So far, we have a simple html page hosted using Amplify and a lambda function to implement our application functionality.

Creating an API to invoke the Password Generator Functionality

Next, we need a way to invoke our password generator functionality or basically invoke that lambda function. Our users obviously aren’t going to
go into the AWS console like we just did and run it, so we need a public endpoint or URL that can be called to trigger the lambda function to run, and for that, we’re going to use API gateway service, this is a core service in AWS that we can use to build our own API’s(application programming interfaces), whether those are http, rest or WebSocket API’s it’s really the perfect way to invoke a lambda function. Let’s create a REST API for our Lambda function using API Gateway.

Step 1: Go to AWS Console and search for API Gateway.

 Source: Author

Step 2: Create a new API by clicking on the create API button. Now go to the REST API section and click on the build button.

 Source: Author

Step 3: Now select REST and select New API, and then we need to give it a name. In my case, I am giving “CallPasswordGenerator”. You can leave everything else the same, and click “Create API”.

 Source: Author

Step 4:  We have an empty API right now, it was not integrated with any lambda function. Let’s do that now.  Over the sidebar, make sure you have resources selected, and then you’ve got the backslash selected, and then on the action’s menu, select create method. The type of method will be a post, as the user will send data to AWS and then click the little check mark beside the POST.
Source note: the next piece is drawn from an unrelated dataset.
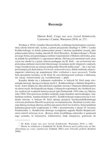 Recenzje Marcin Król, Czego nas uczy Leszek Ko³akowski, Czerwone i Czarne, Warszawa 2010, ss. 271. Wydana w 2010 r. ksi¹¿ka Marcina Króla, wybitnego kontynuatora warszawskiej szko³y historii idei, ucznia, a potem przyjaciela zmar³ego w 2009 r. Leszka Ko³akowskiego, to dzie³o jednoczeœnie proste i z³o¿one (podobnie zreszt¹, jako jednoczeœnie ³atw¹ i trudn¹, okreœla M. Król filozofiê L. Ko³akowskiego1). Prosta jest jego forma, przypominaj¹ca osobiste wspomnienie o bliskim cz³owieku, pisane jednak bez poufa³oœci i z ogromnym taktem. Z³o¿ona jest natomiast treœæ, przy czym nie chodzi tu o jêzyk, którym pos³uguje siê M. Król – ma on bowiem nieprzeciêtn¹ zdolnoœæ niezwykle klarownego wyra¿ania myœli w³asnych i cudzych, czego œwiadectwem s¹ cenione podrêczniki filozofii politycznej2 – ale o styl najpowa¿niejszych dzie³ autora Pochwa³y niekonsekwencji, daleki niekiedy od przystêpnoœci w³aœciwej np. popularnym Mini wyk³adom o maxi sprawach. Trzeba by³o specjalisty tej klasy, co M. Król, by ow¹ z³o¿on¹ treœæ wy³o¿yæ z lekkoœci¹, nie trac¹c równoczeœnie jej wyrafinowania i g³êbi. Ksi¹¿ka sk³ada siê z jedenastu rozdzia³ów, w których M. Król snuje równoleg³¹ narracjê, ³¹cz¹c¹ ewolucjê myœli L. Ko³akowskiego z faktami biograficznymi. Autor skupia siê zdecydowanie (zgodnie zreszt¹ z w³asnymi deklaracjami) na sferze myœli, t³o biograficzne tkaj¹c z w³asnych wspomnieñ, ale i krótkich syntez wêz³owych wydarzeñ historycznych (jak PaŸdziernik 1956 roku czy Marzec roku 1968). Dwa pierwsze, krótkie rozdzia³y maj¹ charakter wprowadzaj¹cy i najbardziej osobisty. Analiza dziejów myœli L. Ko³akowskiego rozpoczyna siê w rozdziale trzecim, w którym M. Król opisuje przejœcie trzydziestokilkuletniego wówczas profesora filozofii na pozycje rewizjonistyczne. Rozdzia³ czwarty ukazuje dalsz¹ ewolucjê ideow¹ i polityczn¹ autora Etyki bez kodeksu, której punktem kulminacyjnym by³o wyg³oszenie w 1966 r. przemówienia z okazji 10. rocznicy PaŸdziernika. L. Ko³akowski (którego wyst¹pienie nagra³a S³u¿ba Bezpieczeñstwa) mówi³ wówczas m.in. „Rzeczy, które kwalifikuj¹ cz³owieka w granicach tego systemu, to lizusostwo, tchórzostwo, brak inicjatywy, gotowoœæ do 1 M. Król, Czego nas uczy Leszek Ko³akowski, Warszawa 2010, s. 264. Mowa tu zw³aszcza o ksi¹¿kach M. Króla Historia myœli politycznej od Machiavellego po czasy wspó³czesne (Gdañsk 2001) oraz Filozofia polityki (Kraków 2008). 2 170 Recenzje SP 1 ’11 pos³uchu. Rzeczy, które dyskwalifikuj¹, to samodzielnoœæ, inicjatywa, poczucie odpowiedzialnoœci”3. Kilka dni póŸniej zosta³ usuniêty z PZPR, co tylko formalnie, jak zaznacza M. Król, przypieczêtowa³o jego rozstanie z marksistowsk¹ ideologi¹. Kolejny, pi¹ty rozdzia³, zdaje relacjê ze zmiany nastawienia L. Ko³akowskiego do religii i Koœcio³a, co daje asumpt do omówienia stosunkowo nieznanej ksi¹¿ki, Œwiadomoœæ religijna i wiêŸ koœcielna. Studia nad chrzeœcijañstwem bezwyznaniowym siedemnastego wieku z 1965 r. Podobn¹ formu³ê – analizy jednej, wa¿nej pracy – ma rozdzia³ szósty. Tu M. Król pochyla siê nad prze³omow¹ Obecnoœci¹ mitu, napisan¹ jeszcze w Polsce, lecz wydan¹ dopiero w 1972 r., gdy L. Ko³akowski (po Marcu 1968 r., któremu M. Król poœwiêca tak¿e nieco uwagi) wyemigrowa³ ju¿ z Polski. Twórczoœci pisanej poza krajem, ale krajowym sprawom poœwiêconej, dotyczy rozdzia³ siódmy. Autor przybli¿a tutaj tak wa¿ne teksty jak Tezy o nadziei i beznadziejnoœci (ukaza³y siê w paryskiej „Kulturze” w 1971 r.), Sprawa polska (1973) i O nas samych (1975). Ósmy rozdzia³ w ca³oœci poœwiêcony jest dzie³u, z którego L. Ko³akowski by³ i chyba pozostanie na œwiecie znany najbardziej – G³ównym nurtom marksizmu, których trzy tomy ukaza³y siê w latach 1976, 1977 i 1978. „O niektórych pracach mówi siê po angielsku, ¿e s¹ definitive, czyli maj¹ charakter ostatecznego omówienia tematu i ¿e nie nale¿y siê w przysz³oœci spodziewaæ ju¿ niczego ani lepszego, ani bardziej wyczerpuj¹cego” – pisze o G³ównych nurtach… M. Król4. Rozdzia³ dziewi¹ty przedstawia stosunek L. Ko³akowskiego do wspó³czesnej cywilizacji, poszukuj¹cej drogi pomiêdzy dziedzictwem wielkich ideologii i religii a rozczarowaniem nimi i p³yn¹cym st¹d nihilizmem. M. Król wpisuje rozwa¿ania L. Ko³akowskiego w szerszy kontekst debaty na temat dzisiejszego œwiata, siêgaj¹c zarazem do dawniejszych, jak i zupe³nie niedawnych prac filozofa. Dziesi¹ty rozdzia³ to powrót do obecnego w ca³ej twórczoœci L. Ko³akowskiego dialogu (sporu?) z religi¹, która jawi siê – poprzez sw¹ koncepcjê absolutu – jako pewien wzorzec uprawiania filozofii, nie mog¹cej uporaæ siê z problemem relatywizmu poznawczego i prawdy. To ostatnie zagadnienie – problem prawdy w filozofii – rozwiniête zostaje w finalnym, jedenastym rozdziale ksi¹¿ki. Jako doœwiadczony wyk³adowca, M. Król wie, ¿e nawet bardzo powa¿ny wyk³ad, by s³uchaczy nie znu¿yæ, urozmaiciæ nale¿y od czasu do czasu ciekaw¹ anegdot¹. W omawianej ksi¹¿ce znajdziemy szereg smakowitych opowiastek, równie¿ tych niezwykle przydatnych dla wszystkich uprawiaj¹cych dzia³alnoœæ naukow¹. „By³ sumiennym uczestnikiem konferencji” – pisze M. Król o L. Ko³akowskim – „co pamiêtam doskonale, bo kiedyœ, w trakcie jednej z nieco beznadziejnych konferencji na temat Europy, czêsto wstawa³em na papierosa. Leszek Ko³akowski wtedy mnie skarci³, powiedzia³: «zap³acili ci za przyjazd, hotel, siedŸ 3 4 M. Król, Czego nas uczy…, Warszawa 2010, s. 57. Ibidem, s. 145. SP 1 ’11 Recenzje 171 i odrabiaj lekcjê, przecie¿ nikt nie wie, o czym myœlisz»”5. Jednak i bez podobnych urozmaiceñ ksi¹¿ka pozosta³aby pasjonuj¹ca. Tak¿e dlatego, ¿e mimo wyra¿anego dla L. Ko³akowskiego szacunku i podziwu, M. Król nie przyjmuje posta
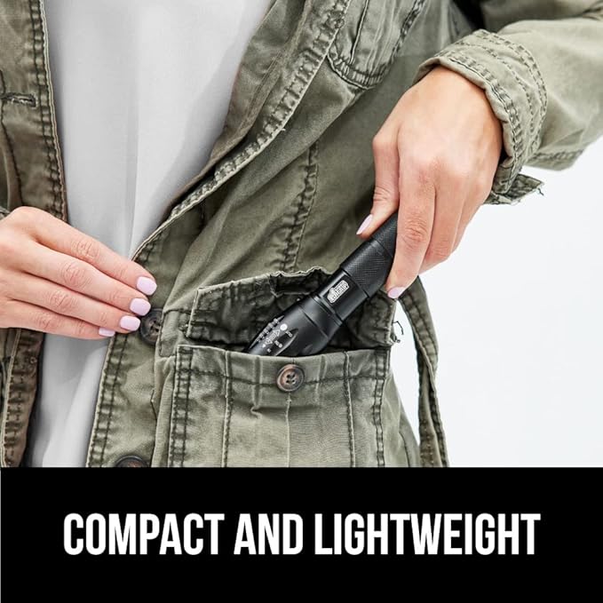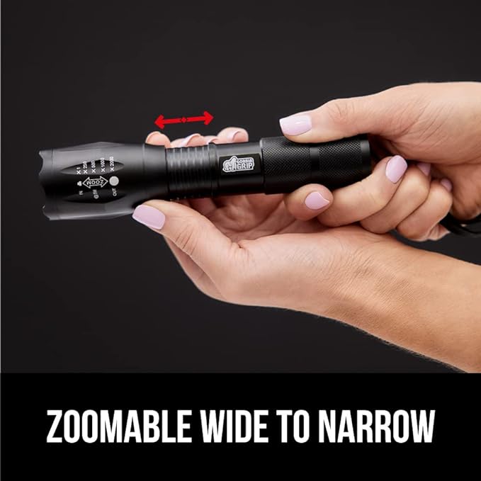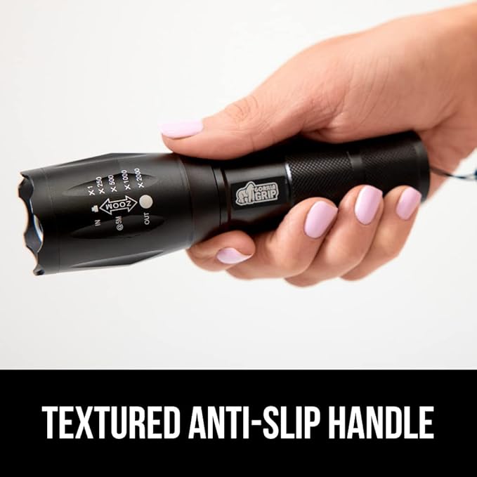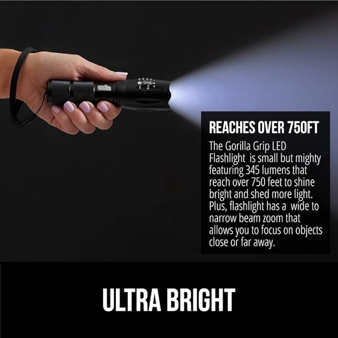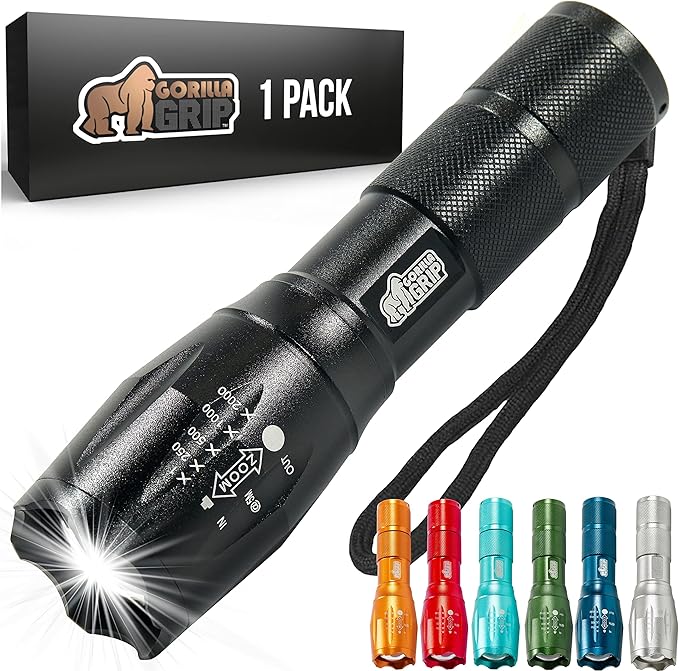Gorilla Grip Powerful LED 750 FT Water Resistant 5 Adjustable Mode Tactical Flashlight, High Lumens Ultra Bright Battery Life Zoom Flashlights, Small Camping Car Mini Flash Light Accessories, Black

Step 5: For integration type, we’re going to use a lambda function, and we give our lambda function name and then click on save.

 image.png

Step 6: Now, one important thing is we need to Enable CORS or cross-origin resource sharing. So go to the actions menu and select “Enable CORS”.
It allows a web application running in one origin or domain to access resources on a different origin or domain because our web application
is running on one domain in amplify. Our lambda function will be running in another domain, so we need to be able to work across those domains or origins
that’s why we’re doing this.

 Source: Author

Just leave all the default values and click the Enable CORS button below.

 image.png

Step 7: Let’s deploy the API so that we can test it out. Go to the actions menu and select Deploy API. We’ll need to set up a new stage here because you might have different stages for dev, test, and production. Click on ‘Deploy’.

 Source: Author

Step 8: Copy the invoke URL that appeared on your screen because we’ll need this later, so pull up a notepad or wherever you want to keep this. It will act as our API gateway URL.

 Source: Author

Step 9: Let’s go and validate this API. Come into resources in the sidebar and select POST.  Click on the Test option. This will let us send the test data we want and show the corresponding response.

 Source: Author

Step 10: We used the same format to test the lambda function. Pass the required password properties in JSON format and click the test button. We can see that our API worked successfully, and we received the response, which contains our password and success status code.

 image.png

Storing the Data in a Database

We don’t actually have to store the results anywhere we could return them to the user, but most real-world apps have databases. So, we have to set up a database, and also we need to handle permissions between the different parts of the application specifically, we need to give our lambda function permission to write to the database. Starting with the database, we’re going to use DynamoDB, a key value or NoSQL database it’s generally going to be more lightweight than something like a relational database, where you have to set up your schema and relationships ahead of time.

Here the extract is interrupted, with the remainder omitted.